Confuse Insects, Weeds With Stacked Rotations

Dwayne Beck, manager of Dakota Lakes Research Farm, says stacked rotations mimic nature.

Should you try a stacked rotation? A stacked rotation is where crops, or crops within the same crop type, are grown in succession (normally twice) followed by a long break. Wheat-Wheat-Corn-Corn-Soybeans-Soybeans or Barley-Wheat-Pea-Canola are examples.

Stacked rotations are the way plants sequence in nature, says Dwayne Beck, manager of Dakota Lakes Research Farm.

"A species dominates a space for a period of time and is succeeded by another species. Eventually (after many such successions) the original species will again occupy the space. The time frame for these 'rotations' is much longer than the one usually considered in annual crop production, but the principles are the same," Beck says.

Confuse Insects, Weeds With Stacked Rotations

"Humans tend to operate in a different time frame than other species.

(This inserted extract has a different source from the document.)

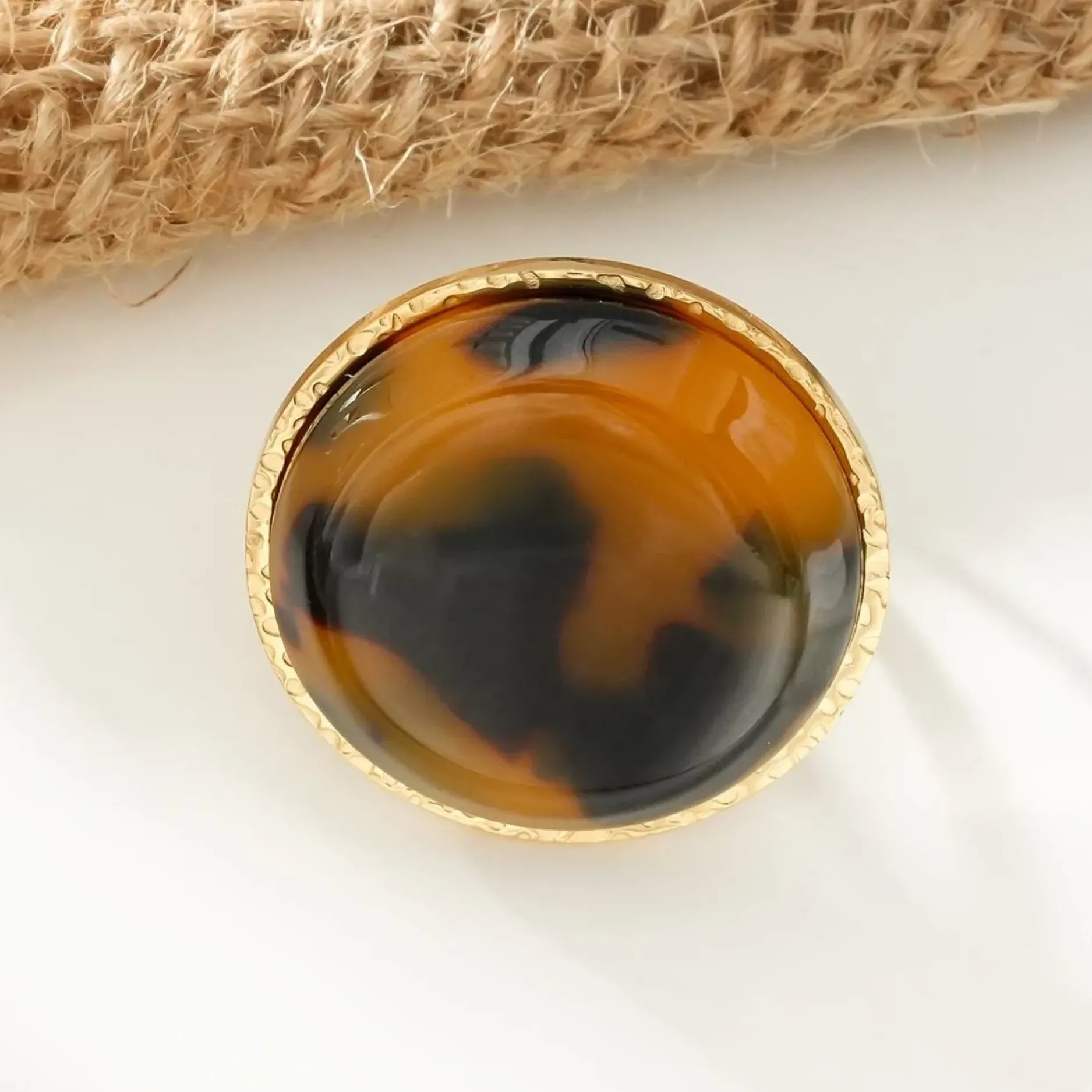 Offrez-vous un look unique avec notre bague résine marbré marron, au design rond et original. Fabriquée en résine de qualité, cette bague ajoutera une touche de style à toutes vos tenues. Apportez de l’élégance à votre quotidien avec cette bague tendance.

Days, hours and years have a totally different meaning to a bacteria or fungi than they do to a tree. Some species have very fast growth curves, once they are given the opportunity, while others take a long time to build population. Each species has a 'survival strategy' designed to increase the chances that it will continue to exist," he says.

In the stacked Wheat-Wheat-Corn-Corn-Soybean-Soybean rotation, the sequence for corn and the interval between corn crops is unpredictable in the time frame of an insect or weeds, even though it looks very predictable to humans, Beck says.